Hidradenitis suppurativa (HS) or acne inversa is also a chronic, recurrent and debilitating inflammatory and immune-mediated disease of the pilosebaceous unit. Painful subcutaneous nodules, pustules, abscesses, fistulas, and scar tissue are the most common manifestations. HS preferentially affects skin folds, especially axillary, inguinal, perianal, perineal, gluteal, inframammary, and anogenital conditions (2–6). The prevalence of HS is 0.1 to 1%, with onset at puberty and adolescence, more frequent in women (7, 8). The pathogenesis of HS is multifactorial, being an autoinflammatory process triggered by a perifollicular lymphocytic infiltrate leading to occlusion of the excretory ducts of the apocrine glands, dilatation and rupture of the pilosebaceous unit. The result is increased inflammation with the formation of tunnels connected to the skin surface and filled with debris. The local microbiota may play a role in the dysregulation of the innate immune system (4–6). Genetic factors also play a role, with a familial disorder present in 34% of cases (9). Several known autoinflammatory syndromes are associated with HS including PASH (pyoderma gangrenosum, acne, and HS), a potentially debilitating disorder (10). Although unclear, studies have demonstrated the association of HS with dysregulation of the interleukin (IL) 12/23 and tumor necrosis factor-α (TNF-α) inflammatory pathways (8).
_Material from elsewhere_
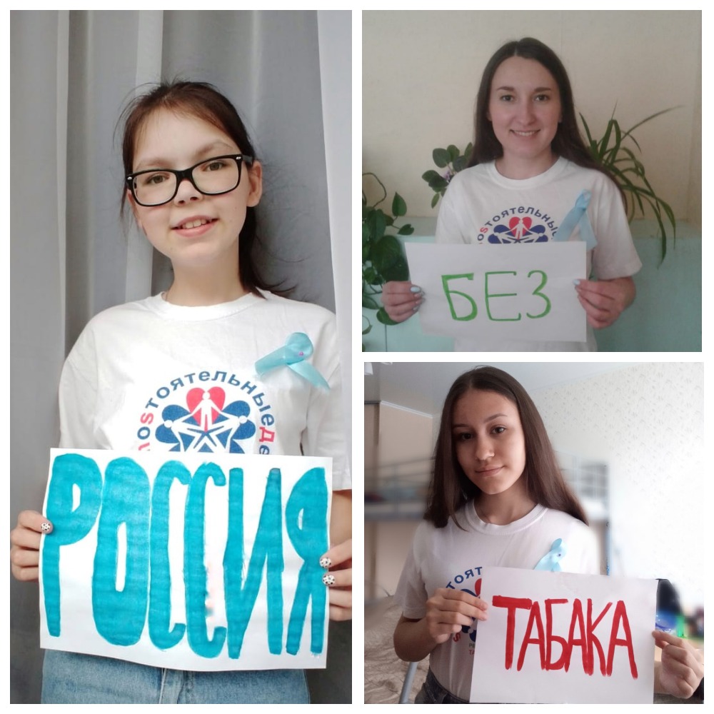31 мая 2020 г. в рамках Республиканского марафона по пропаганде здорового образа жизни «Здравствуйте и созидайте!» среди участников антинаркотического проекта «SaMoSтоятельные Дети» 7 класса «Счастливое детство» прошла общегородская антитабачная акция «Россия без табака». Цель акции: привлечение внимания жителей района к различным проблемам, возникающим в результате употребления табака, актуализация активной гражданской антитабачной позиции участников Республиканского антинаркотического проекта «SаMоSтоятельные дети».Символом данной акции стала голубая ленточка - "Лента свободы", которая символизирует чистый воздух и свободу выбора. Участники проекта создали проект дерева с завязанными голубыми ленточками знак приобщения к здоровому образу жизни.Среди активистов проекта был проведён конкурс рисунков «Я и мой мир», «Курить – здоровью вредить», «Солнце, воздух и вода – наши лучшие друзья».Кроме того, были обсуждены темы «Опасность «пассивного» курения – миф или реальность?», «Куренью – НЕТ! Здоровью – ДА!».Также состоялся просмотр видеороликов, фильмов о вреде табака.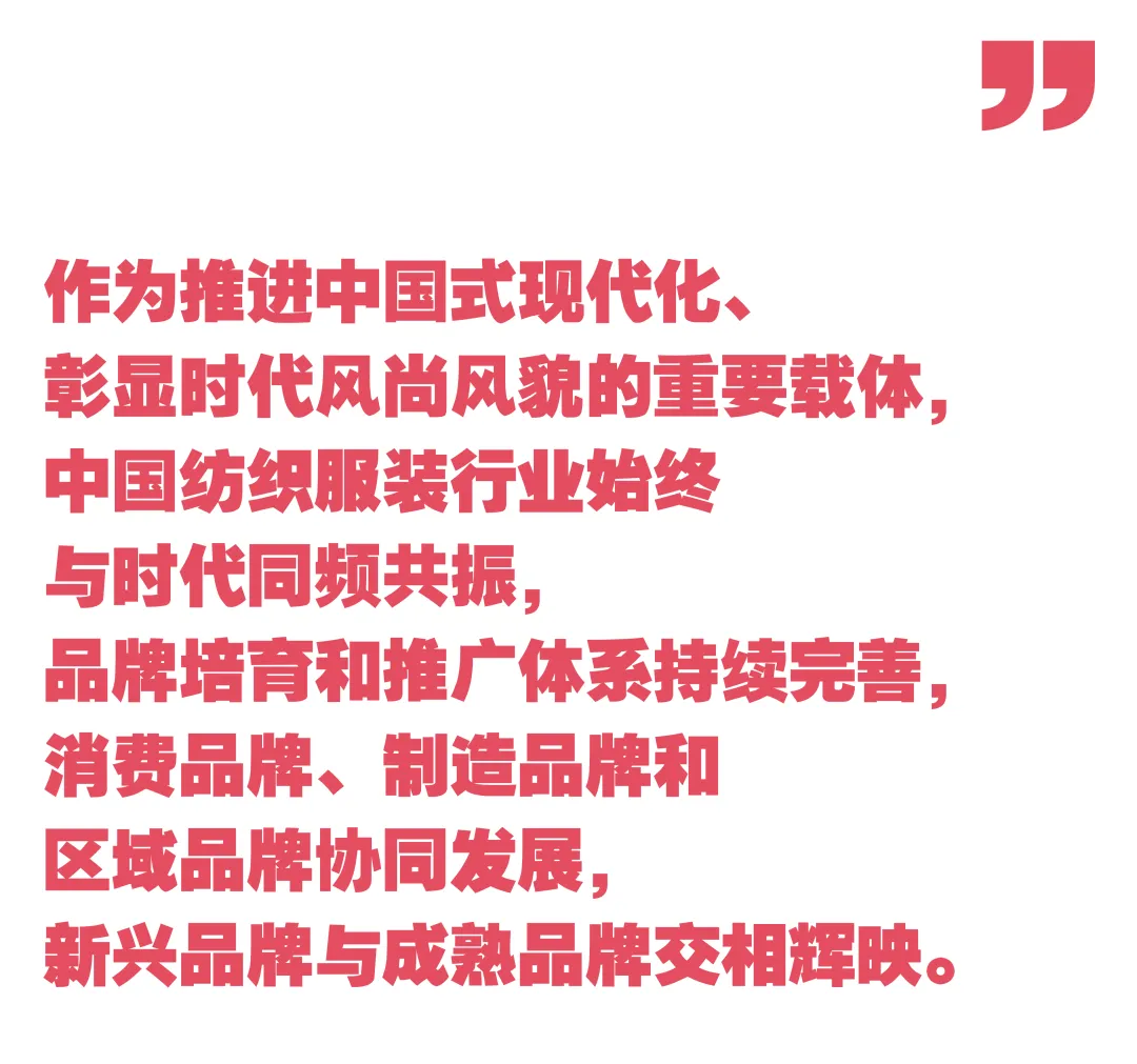 围绕2024中国品牌日“国货潮牌,品筑未来”的活动大主题,纺织服装行业会议以“品牌新质 未来新光”为主题,旨在立足于纺织服装品牌发展的现实语境,打造具备高科技、高效能、高质量特征,符合新发展理念的先进生产力质态,面向国货品牌的崛起与文化自信的提升,建树属于中国品牌,掷地有声的时尚话语。在此,我谨代表中国纺织工业联合会对本次会议的成功召开表示祝贺!对国家发展和改革委员会多年以来的指导和支持表示衷心的感谢,对长期关心和支持行业发展的各界来宾朋友表示诚挚的欢迎!感谢真维斯品牌对本次活动的大力支持!作为推进中国式现代化、彰显时代风尚风貌的重要载体,中国纺织服装行业始终与时代同频共振,品牌培育和推广体系持续完善,消费品牌、制造品牌和区域品牌协同发展,新兴品牌与成熟品牌交相辉映。在这股强大的发展浪潮中,我们欣喜地看到,中国纺织服装品牌正在加快发展新质生产力,以前所未有的速度和深度,在多个领域实现突破与创新。第一,科技生产力正在支撑品牌加速引领品质新生活。从衣被天下到上天入地,中国纺织服装品牌始终走在科技创新的前沿,依托网络化协同、平台化设计、智能化制造,推动制造创新、材料创新、产品创新系统性发展,颠覆性创意、智慧型营销、沉浸式体验不断延展,新领域、新业态、新场景加速创造,为美好品质生活注入澎湃活力。第二,文化生产力正在引领品牌加快生产时尚新流行。伴随文化自信下的“血脉觉醒”与“国潮新生”,以新中式美学为代表的中国文化消费景观正在形成,越来越多的中国纺织服装品牌在加速东方美学的创新表达与文化应用中,不断带动国潮品牌焕发时代光彩。第三,绿色生产力正在助力品牌加大开拓产业新空间。在可持续消费成为全球共识的背景下,中国纺织服装品牌从更宏大的产业生命周期出发,积极推崇可持续时尚主张和“天人合一”价值观,围绕绿色研发、绿色生产、绿色流通、绿色消费、绿色投资展开积极实践,为全球时尚产业和消费形态注入新的活力。今年,中国纺联正在筹备《品牌价值评价 纺织服装、鞋、帽业》国家标准(GB/T31278-2014)、《品牌培育管理体系实施指南 纺织行业》行业标准(FZ/T01142-2018)两项标准的修订工作,以体现新时代行业品牌建设的价值新参数与模式新路径;优势企业拥有的高品牌价值,凝结着高品牌收益与高品牌强度。本次会议现场,也将重磅发布“2024中国纺织服装品牌竞争力优势企业”名单,向全社会展现中国纺织服装品牌的新面貌、新图景。一是深挖价值,强化“专业”,让新创造探向需求更深处。一方面,要加强产业链关键环节、关键领域、关键产品的标准制定,强化技术应用、协同创新和产业协作,提升“中国制造”品牌的话语权;另一方面,要构筑支撑品牌价值持续成长的底层基石,强化品质创新、质量管理和经营效率,全方位提升智能化、精细化、差异化商品和服务供给能力,向世界输出中国现代化产业发展经验。二是创新叙事,强化“独特”,让新内容探向精神更深处。一方面,依托国潮文化的崛起与文化自信的提升,主动探索中国式风格化表达,联动当下潮流与传统优秀文化,营造多元化穿衣风格和生活图景,构建更柔性、更强大、更长远的品牌力量;另一方面,要从全球文化资产出发,积极探索时代情绪和文化势能,以更加鲜活有趣的打开方式,向世界展示中华民族宏大包容的文化内涵与精神气质。三是精准布局,强化“联结”,让新体验探向生活更深处。一方面,要依托产业优势及发展土壤,在多元的审美样态和体验需求中,深度挖掘细分领域内在消费潜力,全面构建从国内市场到全球市场的商业闭环;另一方面,要借助消费节、创意市集、时装周、商贸展等多重业态,呈现独具特色的品牌美学与市场韧性,在更具全球化和长期意义的品牌突围中,推动“中国时尚”成为新的“世界时尚”。龙腾万里攀云霄,今日华夏起雄风。今天,中国品牌如潜龙出渊,快速崛起,昂首阔步,走向世界。这是我们华夏儿女的骄傲,更是我们民族工业的荣光。未来,让我们心怀信仰、携手共进,以创造之力、品质之诚、文化之光,让中国纺织服装品牌向新而生,向新而进,向新而强,共创中国品牌时代新纪元!声明:本文不用于商业用途,仅为学习交流之用。部分资料、素材、文字、图片等来源于互联网,所有转载都已经注明来源出处。如有侵犯您的知识产权以及个人合法权益的作品,请及时联系我们删除,联系邮箱:bzfangxie@126.com。

Several studies have shown cases of associations between HS and CD, but a direct relationship was not clear (9, 11, 12). Recent studies have found clinical, pathogenic, and immunogenic features common to CD and HS that may support the theory that HS is an extraintestinal manifestation (EIM) of CD. The questions that remain are: Is HS actually metastatic CD? Are HS and Crohn's disease similar immune-mediated diseases? Is HS an EIM of CD?
Studies associating CD and HS
Case reports registered the occurrence of CD and HS in the same patient, including Shalom et al. (13) who detected 26 cases of CD associated with HS among 3,207 patients diagnosed with HS and showed a significant association (p = 0.01) between the two diseases, interestingly, there was no association with ulcerative colitis. Janse et al. (14) discovered a prevalence of HS in 6.8–10.6% of patients with IBD vs. 1–2% in the general population. Moreover, other studies have shown that patients with CD have a significantly increased risk of HS compared with the general population. In a population-based cohort study from Minnesota evaluating 679 patients with IBD, 1.2% with HS had a 9-fold higher relative risk than the general population, with CD (relative risk 12-fold) predominating relative to ulcerative colitis (UC) (relative risk seven-fold) (5, 8). Kamal et al. (2) demonstrated a much more common association of HS with CD than UC. There are some studies that indicate an even higher prevalence of HS in patients with IBD—between 16 and 23%. It is important to consider reporting bias as these reports are from IBD centers and patient's self-report HS diagnosis (8, 9, 12). Garg et al. (3) identified 51,340 patients with HS, with a prevalence of CD among these patients of 2.0% compared with 0.6% among those without HS (p < 0.001). HS can occur before or after the development of CD, with variable time intervals (7). Yadav et al. (8) showed that CD occurs on average 8.4 years before HS.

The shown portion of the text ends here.